Environmentalists insist Cadiz has cynically overrepresented the amount of annual precipitation recharging the groundwater basins in the Cadiz and Fenner valleys, and that springs linked to those ground water basins within the Mojave National Preserve and the plants and animals that depend on them are thus under threat.
Among those condemning the county’s approval of the project is John Goss, a former assistant administrative officer with San Bernardino County who drafted the county’s desert groundwater management ordinance before it was adopted in 2002. Goss said that ordinance was violated when the memorandum of understanding between the county, Cadiz, Inc. and the Santa Margarita Water District had been entered into before a groundwater management plan for the Cadiz project was adopted.
A prime mover in the county’s acquiescence in Santa Margarita’s approval of the project was former First District Supervisor Brad Mitzelfelt, who left office after he did not run for reelection in 2012 when he instead unsuccessfully vied for Congress. Mitzelfelt, whose district included the Eastern Mojave, received $48,100 in political donations from Cadiz, Inc.
The project’s proponents, including Scott Slater, the general counsel for Cadiz, Inc., insists the project is a “responsible and environmentally safe” one that “protects the desert” and provides thirsty Southern California with “an innovative water supply option.”
County officials maintain the county’s taxpayers are not being hurt by the litigation.
According to the memorandum of understanding the county entered into, Cadiz, Inc. and the Santa Margarita Water District are to reimburse the county for any of its legal costs relating to the project.
The county has incurred legal costs related to the Cadiz water project of more than $1.1 million to date. The county has received at least $650,000 in reimbursements, $135,000 from the Santa Margarita Water District and $515,000 from Cadiz, Inc.
An issue in the lawsuit brought by Santa Margarita Citizens and Ratepayers Opposing Water Nonsense pertains to the Santa Margarita Water District’s assumption of the financial liability of other parties involved with the project approval. Opponents of the project have questioned whether Cadiz, Inc., an agricultural and landholding company that owns or has options to buy 45,000 acres in the eastern Mojave Desert overlying the Cadiz and Fenner valleys’ aquifers but which has nonetheless not shown a profit for more than 14 years, will be able to sustain itself in the face of mounting legal challenges to the project.

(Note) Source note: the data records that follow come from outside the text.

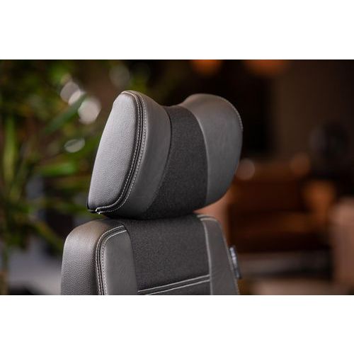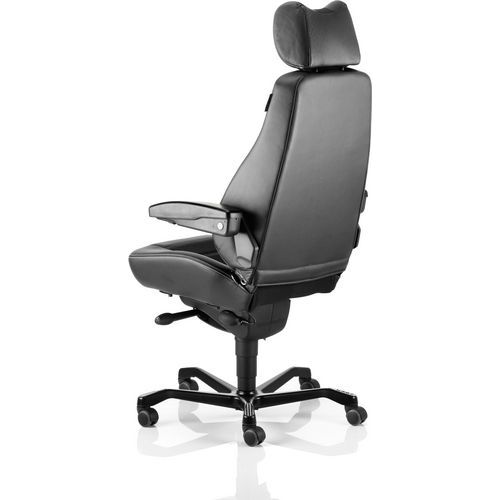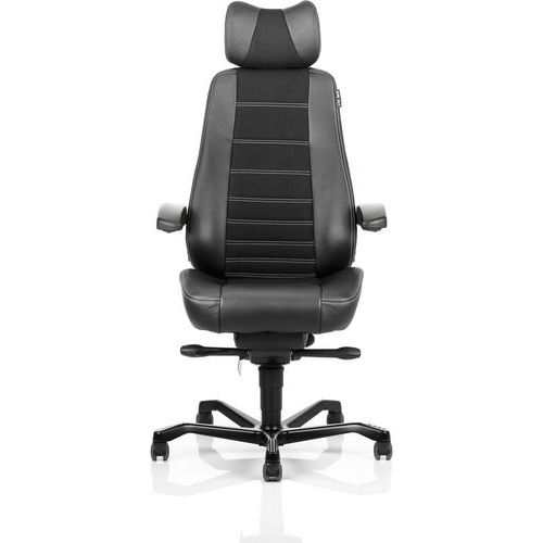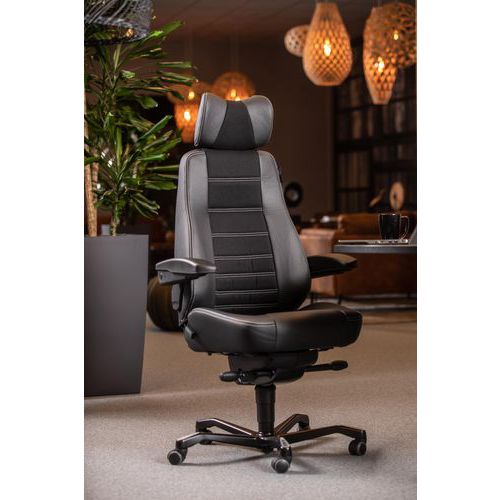 Stolen har svankstöd med luft, uppfällbara armstöd med 30° lutning och ett justerbart nackstöd i svart läder.
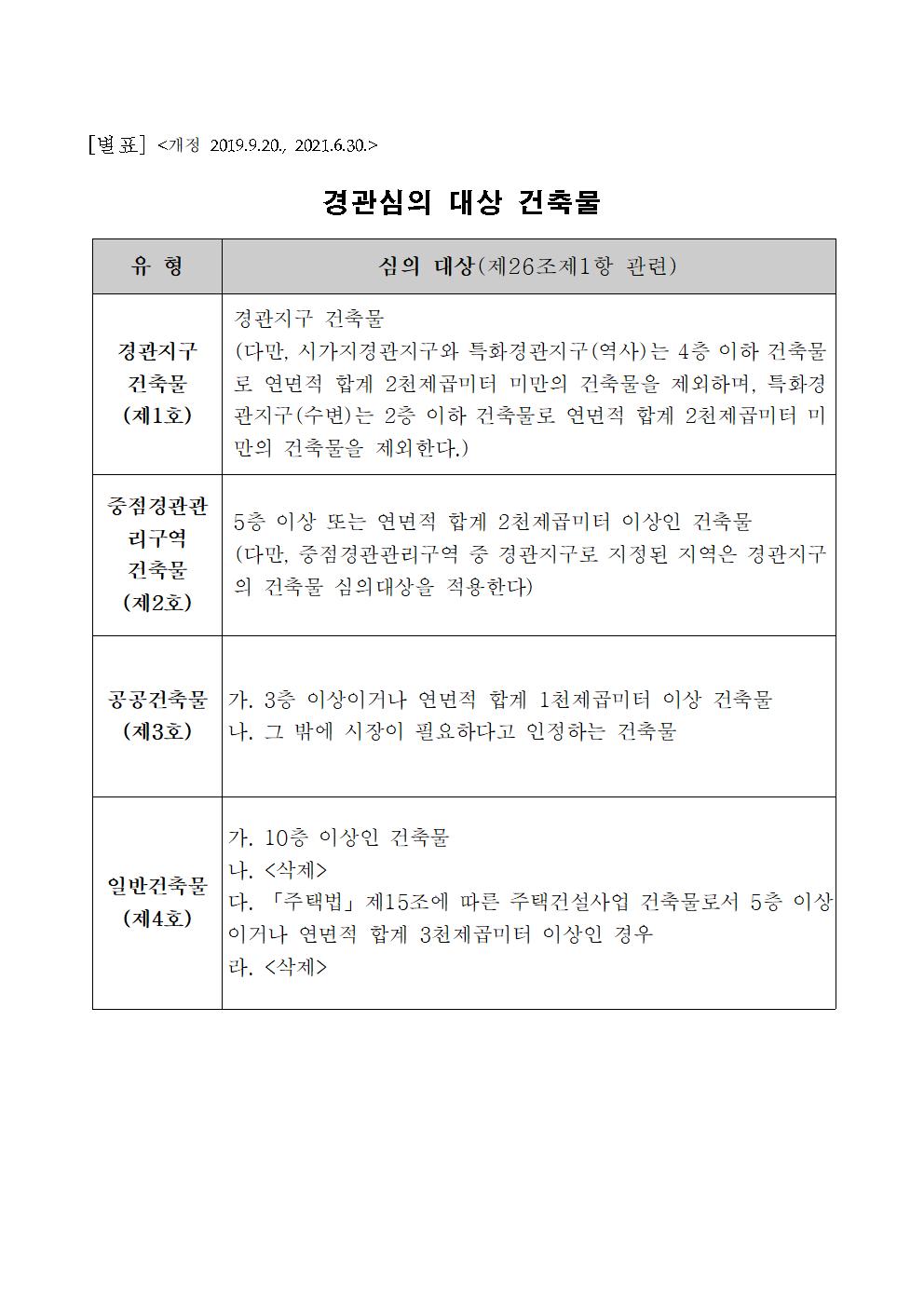 경관지구 건축물 (다만, 시가지경관지구와 특화경관지구(역사)는 4층 이하 건축물로 연면적 합계 2천제곱미터 미만의 건축물을 제외하며, 특화경관지구(수변)는 2층 이하 건축물로 연면적 합계 2천제곱미터 미만의 건축물을 제외한다.) |
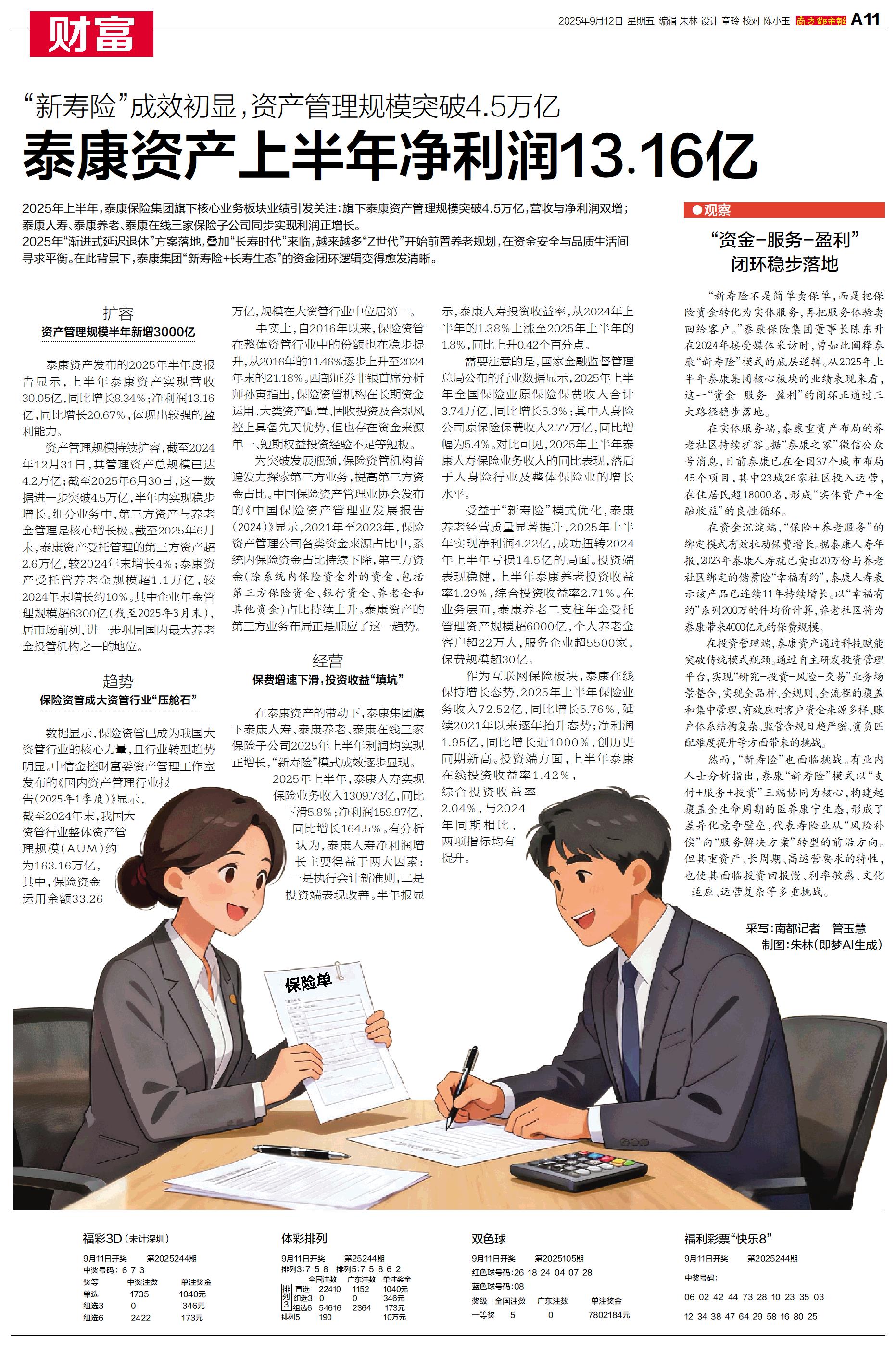 2025年上半年,泰康保险集团旗下核心业务板块业绩引发关注:旗下泰康资产管理规模突破4.5万亿,营收与净利润双增;泰康人寿、泰康养老、泰康在线三家保险子公司同步实现利润正增长。
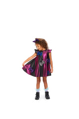 Theresa is a black and pink metallic wide dress with capped sleeves. This dress shimmers at all times and is perfect for those special festive occasions. We have added shimmery padded bows to the dress and it has a one-button closing at the back. The dress is fully lined with cotton, making is soft and comfortable to wear.
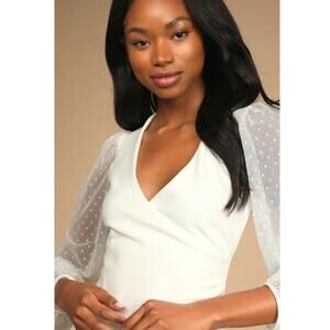 LULUS Love That Lasts Forever Ivory Balloon Sleeve Bodycon Mini Dress, sz XL
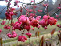 「土壌小動物観察会参加記・その4」をお届けさせていただきます・・・カヤネズミの巣の近くには、オオカマキリの卵鞘(らんしょう)がありました。中ではたくさんの卵たちが寒さに耐えながら春を待ちわびていることと思います。・°・。谷戸の林縁ではたわわに成ったマユミの実が、枯野に彩りを添えておりました。・°・。観察会を終えての帰り道、ちいさな牧場の前で立ち止まると、乳牛?たちがじっとこちらを見つめておりました(^^)。・°・。その5へつづく・・・アトリエ☆イボヤギ 木村大介2017年の春頃より多忙な状況が重なってしまい、ブログの更新が大幅に遅れた状態が続いておりますが、日付順に少しずつ更新をさせていただいておりますので、引き続きご高覧いただければ幸いに存じます・・・(*´-`) *尚、様々な訪問記の連載が続いておりますために、実際の日付と投稿の内容にもだいぶ時間の開きが生じてしまい、お見苦しい点も多々ございますが、何卒よろしくお願い申し上げます。。!

Those inveighing against the project not on environmental grounds but financial ones have questioned who will assume the company’s liabilities if it folds or declares bankruptcy.
When she was still serving as land use services director,  Christine Kelly stated, “The county of San Bernardino is to be reimbursed by Santa Margarita Water District, Cadiz, Inc., and Fenner Valley Mutual Water Company for all claims, liabilities, damages, or costs arising from or relating to any administrative or judicial action brought by any third party against the county, its agents, officers, or employees, that may arise from or be related to the county’s approval of the memorandum of understanding and the groundwater management, monitoring and mitigation plan.”